Ajouté le 2 juil. 2017
Je contemple le modèle qui pose. J’imagine que je touche sa peau. Je suis alors capable de me représenter mentalement un monochrome. L’agitation qui surgit de cette vision crée cette secousse provoquée par le touché physique de la peau j’élabore cette teinte unique. Est-ce que l’observateur va comprendre à quel point cette couleur chair a son odeur particulière qui le rend hagard, et qui me fait réagir. Si cette opération a réussi, ce regardant réceptif doit éprouver une décharge émotionnelle identique. Si je parviens à m’approcher du réel, le voyeur mentalise le nu.
Je prends un espace de la peau du modèle vivant, le monochrome apparait et je le transpose sur la toile. Je suis attentif et je découvre un spectateur qui ignore ce médium unique, cette couleur chair, mais, il désire la femme nue qui pose. Il a envie de ma muse, il la veut et il se l’approprie.
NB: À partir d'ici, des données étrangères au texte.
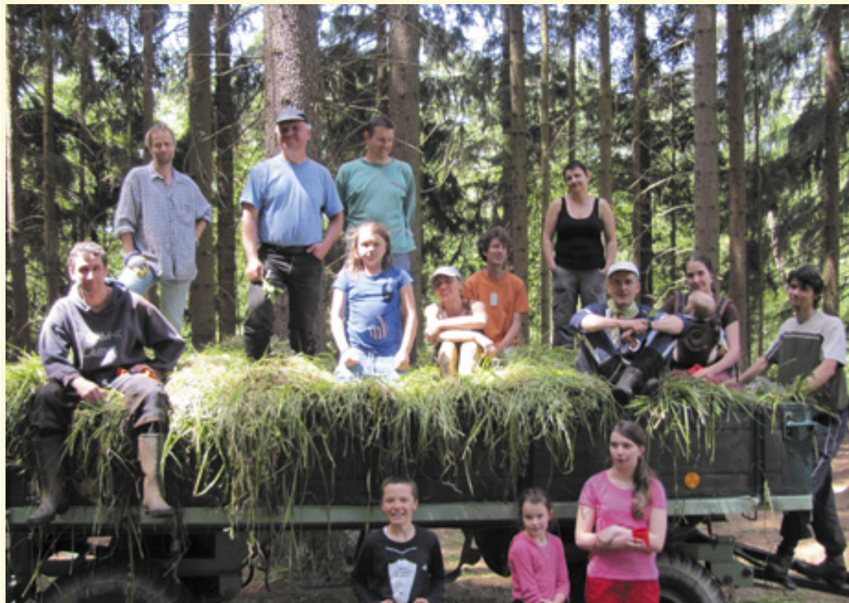
Kosení rašelinné loučky u rybníka Horní Mrzatec

V sobotu 23. června se již posedmé sejeme na tradičním kosení rašelinné loučky u rybníka Horní Mrzatec, které pořádá telčský Spolek Javořice. Zapojit se může každý, kdykoli, od rána do odpoledne. Kromě kosení budeme nahrabovat, odnášet a nakládat na valník posečenou trávu, likvidovat nálet a obnovovat odvodňovací stružky. Těšit se můžete i na opékání klobásek na ohni a koupání v rybníce.

En entrant dans mon fantasme de façon nuisible, il s’en saisit, et à ce moment-là, il élimine mon rêve. Au départ, je lui suggère de contempler mon œuvre, sans plus. En volant mon illusion, il lui enlève la vie. Donc, à mon tour je tue la personne qui regarde mon tableau. Je l’ai alors supprimé et je suis enfin disponible pour accueillir une autre composition qui connaitra un destin identique.
La conception artistique, par la répétition du même avec le même, comme un retour sans fin me chavire. Elle m’incite tel Sisyphe à pousser éternellement mon rocher (brosser un tableau à l’infini) ou à remplir mon tonneau sans fond comme les danaïdes (je cherche l’unité à ma construction sans jamais y parvenir). C’est ma raison d’être, ma vie, mon ivresse.
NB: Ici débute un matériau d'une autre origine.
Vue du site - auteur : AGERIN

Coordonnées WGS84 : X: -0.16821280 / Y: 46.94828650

Ce qui revient a dire que lorsque je représente un monochrome, se développe en arrière fond toute une histoire contrastée qui rassemble des objets : le châssis, la peinture, les matériaux.., le modèle vivant (chez moi, toujours une femme), le sacrifié ; celui qui regarde ma toile qu’il faut que j’assassine : il peut atteindre et pénétrer mon fantasme. À cet instant, le spectateur qui a compris le sens de mon œuvre, signe son arrêt de mort. C’est un élu ! Parce qu’il est à la hauteur de mon abstraction, et qu’il s’en empare, il se rend condamnable. Son châtiment suprême est digne de son intelligence.